Given that $f:[-\pi,\pi] \rightarrow \mathbb{R}$ satisfies
$$f(-x) = -f(x), \quad f(\pi) = 0, \quad f'''(x) = -6.$$
Prove that $f''(x) = -6x$ and hence, find the fourier series of $f$ by using integration by parts (repeatedly).
So I know how to find fourier series when explicitly given a function (integrate with respective bounds and equate coefficients), but this one requires us to find it without am explicit function given.
Can someone show me how this would be done $\textbf{without}$ using an explicit function (i.e. just using the given information and that second derivative property)?
This is what I did so far:
Since $f(-x) = -f(x)$ then $-f'(-x) = -f'(x)$ and $f''(-x) = -f''(x)$.
Hence, the second derivative is also an odd function and so $\int f'''(x)dx = \int -6 \ dx \implies f''(x) = -6x$ since $f''$ is odd (no constant term).
Then now I'm stuck, because I'm not sure what to even integrate to get the fourier series in the form:
$$Sf(x) = \sum_{k=1}^\infty b_k \sin kx.$$
Note that $f(0) = 0$ since $f$ is odd and continuous.
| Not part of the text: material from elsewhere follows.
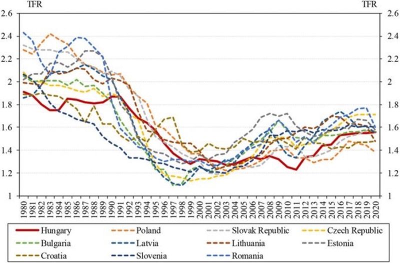 Fertility has risen certainly, but it has risen exactly in line with the region as a whole. In 1990 it had the median fertility of Central & Eastern Europe and today it has… the median fertility of Central & Eastern Europe. National-conservative Hungary has a fertility trend that is functionally interchangeable with that of market-liberal Estonia or social-liberal Slovenia.

\begin{eqnarray} \int_{-\pi}^\pi e^{-inx} f(x) dx &=& -\int_{-\pi}^\pi \sin (nx) f(x) dx \\ &=& -2\int_{0}^\pi \sin (nx) f(x) dx \\ &=& -2 \left ( -[{1 \over n} \cos (nx) f(x) ]_0^\pi + {1 \over n} \int_{0}^\pi \cos (nx) f'(x) dx \right) \\ &=& - {2 \over n} \left ( \int_{0}^\pi \cos (nx) f'(x) dx \right) \\ &=& - {2 \over n} \left ( [{1 \over n} \sin (nx)]_0^\pi + {1 \over n} \int_{0}^\pi \sin (nx) f''(x) dx \right) \\ &=& {2 \over n^2} \int_{0}^\pi \sin (nx) f''(x) dx \\ \end{eqnarray} (Assuming I have made no mistakes, which is unlikely.)